Calling things by their true name¶
What’s cool about JSON-LD is that it takes your API and makes it interoperable with RDF. And what’s cool about RDF — if you’ll accept that there’s anything cool about RDF — is that it can assign everything a name, and that name is meaningful and globally unique.
Naming things is one of the traditional “hard problems of computer science”, so this actually matters. And the way RDF names things should be immediately understandable to every developer: names are URLs.
Following the fantasy trope, when you know the true name of something, you have power over it.
Having the URL for a term in RDF tells you whether it’s the same as something you already know about. Computationally, you know more about what “JSON” is if you know it’s the same as https://www.wikidata.org/wiki/Q2063 or http://dbpedia.org/resource/JSON.
And if you have the URL for something that you don’t already know about, you can usually go to that URL and find more information. For example, that’s how you’d confirm that Wikidata’s “Q2063” and DBPedia’s “JSON” are the same thing as each other. That’s what makes all of this information “Linked Data”, not just data.
When you say “URL”, you must actually mean “IRI”.
It’s good to talk to you again, Imaginary Interlocutor, but do you have to be such a web-standards pedant? Nobody knows what an IRI is. I’m going to keep calling these URLs, especially because I really do intend every one of them that I produce to locate a resource.
The names in ConceptNet may look like ad-hoc identifiers, like "/c/en/knowledge_graph"
and "cc:by-sa/4.0"
. The property names, such as "dataset"
, look pretty ad-hoc too. But these are just short nicknames, and via JSON-LD, we can find the true names of all of these:
The way to turn the strings in the API response into these true names is using ConceptNet’s JSON-LD context. Don’t get too bogged down in it right now. One thing it provides is prefixes that let us use shorter names for things. Here’s the prefix that lets "cc:by-sa/4.0"

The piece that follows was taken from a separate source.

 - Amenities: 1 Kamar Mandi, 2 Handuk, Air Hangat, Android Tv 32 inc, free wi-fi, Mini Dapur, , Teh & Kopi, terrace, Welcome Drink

point to the Creative Commons URL above:
"cc": "http://creativecommons.org/licenses/",
It also has a base URL, for interpreting relative URLs such as /c/en/knowledge_graph
. The base URL happens to be the URL of the context itself, because why not:
"@base": "http://api.conceptnet.io/ld/conceptnet5.6/context.ld.json",
Some of the property names are things that we define. This line says that “weight” is a property that’s defined in ConceptNet’s context (cn:
for short), and its value is a floating-point number:
"weight": {"@id": "cn:weight", "@type": "xsd:float"},
Some of the properties are already meaningfully defined elsewhere. For example, we can have “comment” fields in API responses. Its values are strings to be read by the API user. This notion of a comment already exists in RDF Schema.
"comment": {"@id": "rdfs:comment", "@type": "xsd:string"},
With this line, we can specify that when we say “comment”, we mean “rdfs:comment”, which when you expand the prefix means “http://www.w3.org/2000/01/rdf-schema#comment“.

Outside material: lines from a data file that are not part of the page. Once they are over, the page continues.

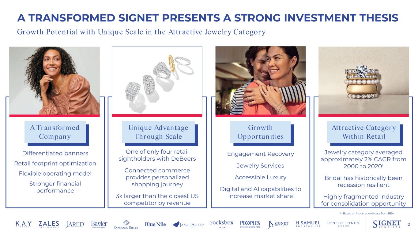 SAFE HARBOR STATEMENT This presentation contains certain forward-looking statements. Any statements that are not historical facts are subject to a number of risks and uncertainties, and actual results may differ materially. We urge you to read the risk factors, cautionary language, and other disclosures in the appendix of this presentation, our annual report on Form 10-K, quarterly reports on Form 10-Q and current reports on Form 8-K. Except as required by law, we undertake no obligation to revise or publicly update forward-looking statements in light of new information or future events. This presentation also discusses certain non-GAAP financial measures. For further discussion of the non-GAAP financial measures, as well as reconciliations of the non-GAAP financial measures to the most directly comparable GAAP measures, see Item 7 of the Company’s Annual Report on Form 10-K, the appendix to this presentation, as well as our most recent earnings release available online at www.signetjewelers.com/investors. 1
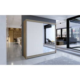 Skříň je vyrobena z kvalitního lamina. Díky svému vnitřnímu uspořádání nabízí dostatek úložného prostoru, posuvné dveře šetří prostor a zrcadlo ho opticky zvětšuje. Skříň je vhodná do ložnice, dětského nebo studentského pokoje, do předsíně i kanceláře. Vnitřní uspořádání skříně je vyobrazeno na fotografii. Skříň je dodávána v demontu. Součástí je i skleněné zrcadlo, které je nalepeno na jedné části dveří skříně a také montážní plánek včetně všech potřebných spojovacích materiálů. Vyobrazené dekorace nejsou v ceně.
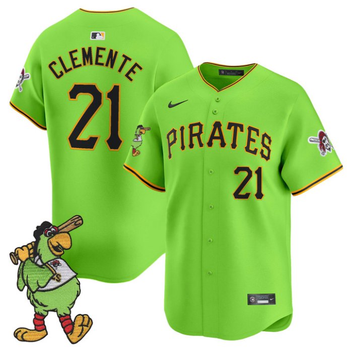 Roberto Clemente Jersey #21 Pittsburgh Pirates Pirate Parrot Patch Premier Limited Stitched Green
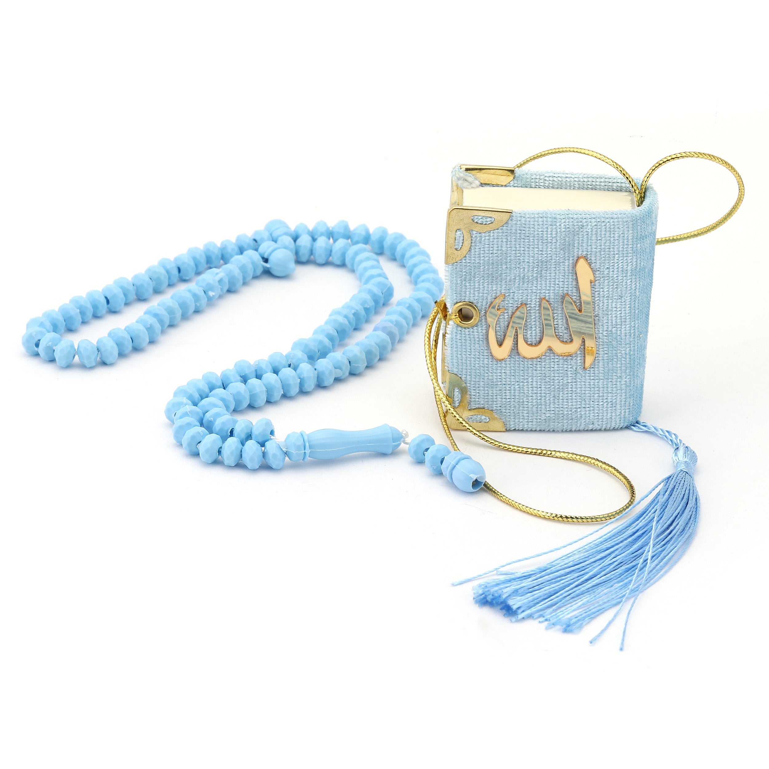 - Asetat kutu içerisinde 5x6 Cm Mini Kuran'ı Kerim Otosüs ve 99'luk 7 mm Kokulu Zümrüt Tesbih ile beraber sunulur.
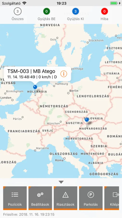 Ez az alkalmazás lehetővé teszi, hogy kövesse saját autójának vagy céges járműflottájának mozgását. Térképen láthatja a járművek pillanatnyi pozícióját és állapotát. Visszanézheti a korábban megtett útvonalakat, ahol látja az adott napon megtett teljes távolságot, valamint a vezetési időt is. Részletes, cím szerint úti célokra bontott napi útnyilvántartást és havi kilométer elszámolást készíthet. Különféle riasztásokat állíthat be, melyek értesítésként (push notification) ingyenesen érkeznek meg telefonjára.
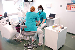 Для пломбированя зубов используем материалы фирм 3М, Не Возможно лечение корневых каналов и дигитальный рентгенный снимок. Гигиенист использует ультразвук или мануальный метод снятия зубного камня.
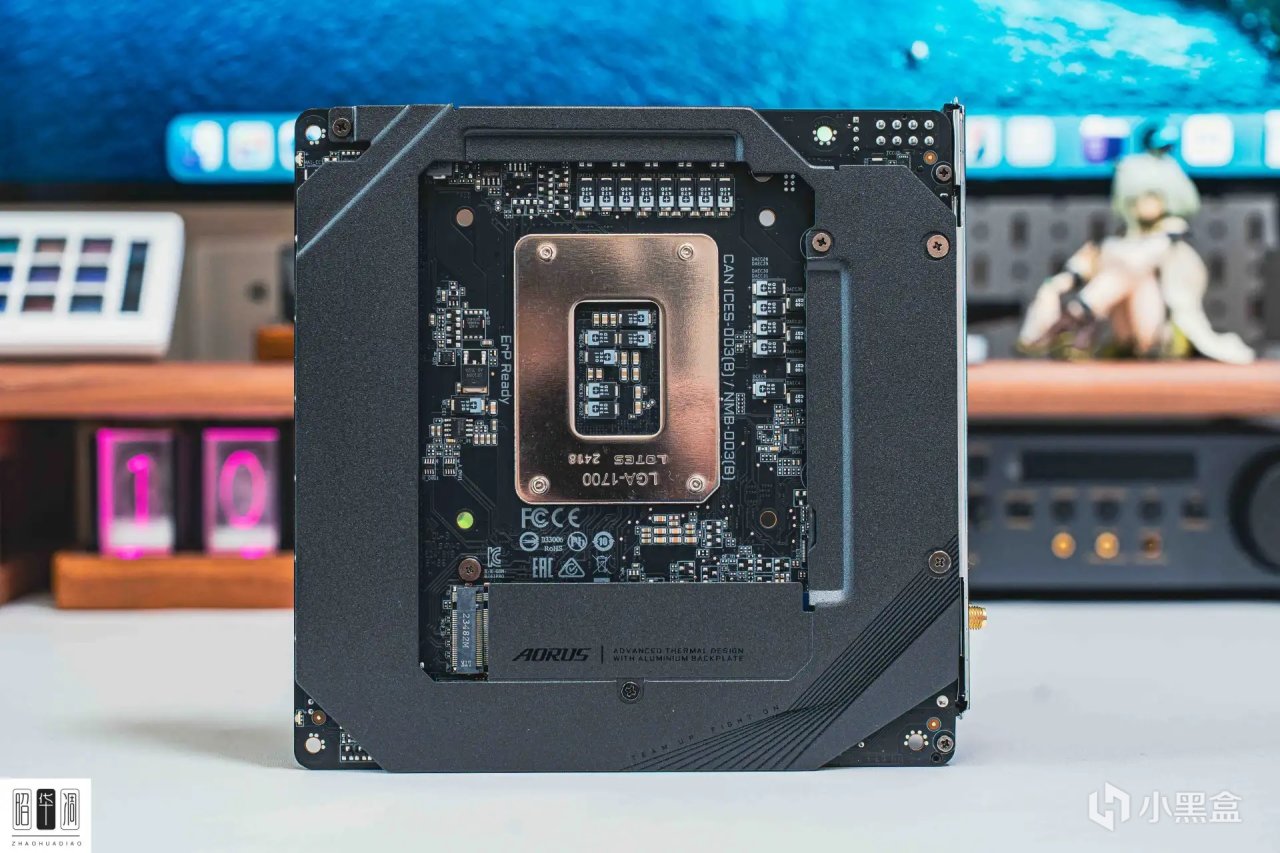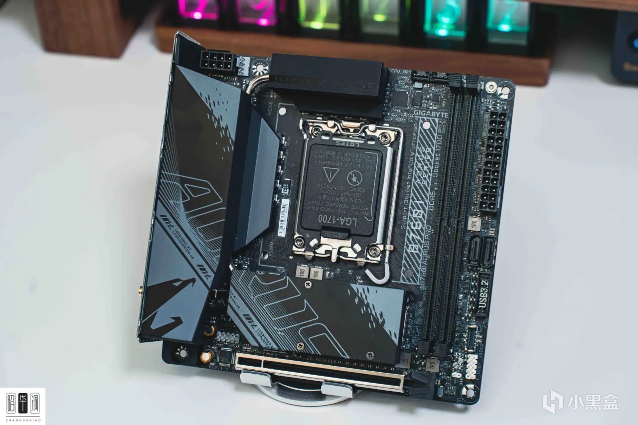 ▼机箱仅支持 ITX 版型,这里采用的技嘉 B760I AORUS PRO,供电强堆料猛。最关键的是,技嘉主板全系搭载的“高带宽低延迟模式”堪称残暴,同规格的性能表现远超友商,白嫖的性能不要白不要。要说不足的话,没有白色板算是个不小的遗憾。
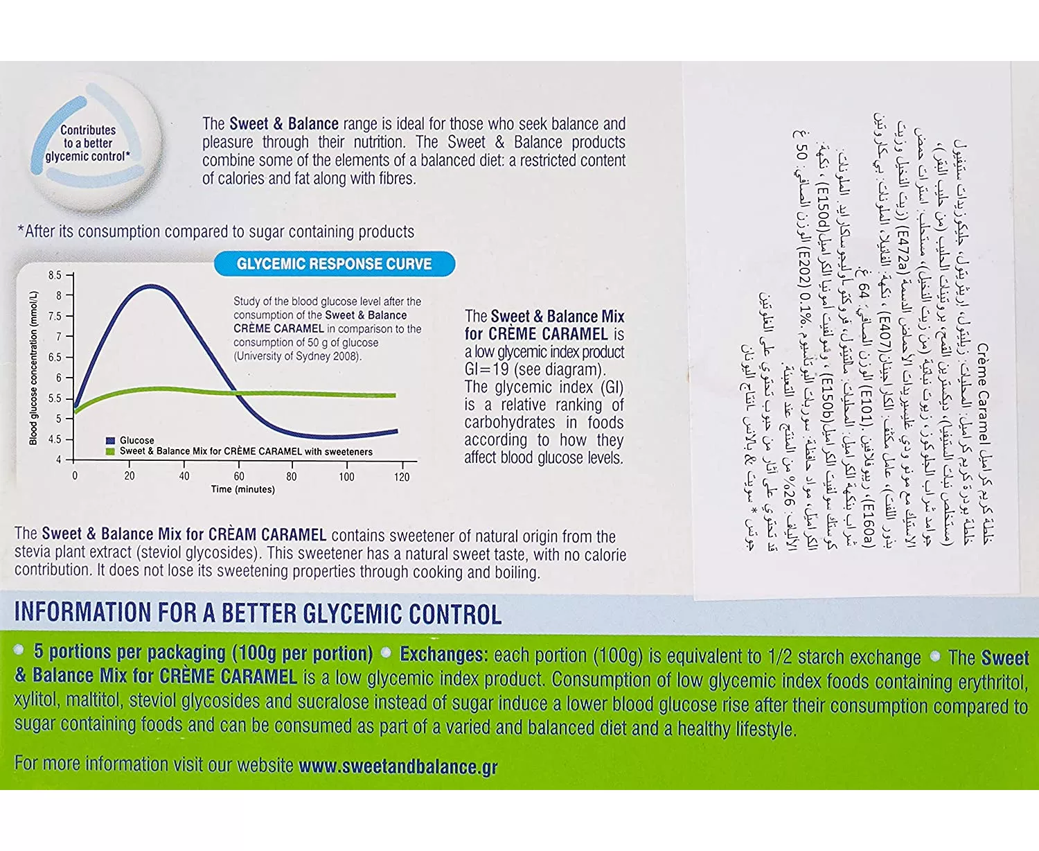 The Sweet and Balance range is ideal for those who seek balance and pleasure through their nutrition. The Sweet and Balance products combine some of the elements of a balanced diet: a restricted content of calories and fat along with fibers. Sweet and Balance Cream Caramel is a very low glycaemic index product. The Glycemic Index (GI) is a relative ranking of Carbohydrates in foods according to how they affect blood glucose levels. Sweet and Balance Cream Caramel contains sweetener of natural origin from the stevia plant (Ste viol glycosides). This sweetener has a natural sweet taste, with no calorie contribution. It does not lose its sweetening properties through cooking and boiling.

Let’s take a step back. What do you do with this kind of information?
I think the most likely user who cares about the linked data in ConceptNet is someone who’s building something larger out of ConceptNet and other resources. This would match my experience in building ConceptNet, where the inputs that are available in RDF are the ones I can be confident that I’m handling correctly, even if they update in the future.

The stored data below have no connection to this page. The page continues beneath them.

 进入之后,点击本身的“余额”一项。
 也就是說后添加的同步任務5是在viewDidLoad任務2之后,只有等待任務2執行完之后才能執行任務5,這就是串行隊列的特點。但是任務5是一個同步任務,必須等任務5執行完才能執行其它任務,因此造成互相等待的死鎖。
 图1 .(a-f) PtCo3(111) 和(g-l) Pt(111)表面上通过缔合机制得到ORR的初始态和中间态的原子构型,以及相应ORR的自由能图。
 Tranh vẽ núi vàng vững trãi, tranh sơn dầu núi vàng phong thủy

Let’s talk about how things used to be with WordNet. If I want to refer to a particular item in WordNet, such as the synset {example, instance, illustration, representative}, there are a number of ways I could describe it, and most of them probably wouldn’t be consistent with anything else. I could give you synset names that you can look up, such as example.n.01
or illustration.n.03
. These numbers might change with new versions of WordNet, and there’s no way to inherently know that they refer to the same thing.
I could also give you an internal ID such as 05828980-n
, which at least is a single name for the synset, but all of these IDs would change with new releases of WordNet.
And this really got better because of RDF?
Yep. When using multiple data sources that are based on WordNet, you used to need a table that tells you which IDs are the same as which other IDs — basically a kind of Rosetta stone lining up names and numbers from different versions of WordNet. Hopefully some researcher somewhere has made the table you need.
But the fact that WordNet is in RDF now means that I know the global, true name that I can call this WordNet entry: http://wordnet-rdf.princeton.edu/id/05828980-n. I don’t need a Rosetta stone to know what this URL refers to. I can even go to that URL to find out more about it.
But that’s just the same internal ID shoved into a URL. How does that make a difference?
Putting it into a URL means that it’s more than just an internal ID now. Regardless of where the ID number came from originally, it’s an implicit promise that this URL consistently refers to the synset {example, instance, illustration, representative}.
And, importantly, it suggests that if you’re building something on top of WordNet, you should use the same URL to identify the same synset. These wordnet-rdf URLs are also used by the Open Multilingual WordNet project, so you can be sure of when terms in different languages are intended to refer to the same thing, and you can align the data OMW provides with WordNet data you get from other sources.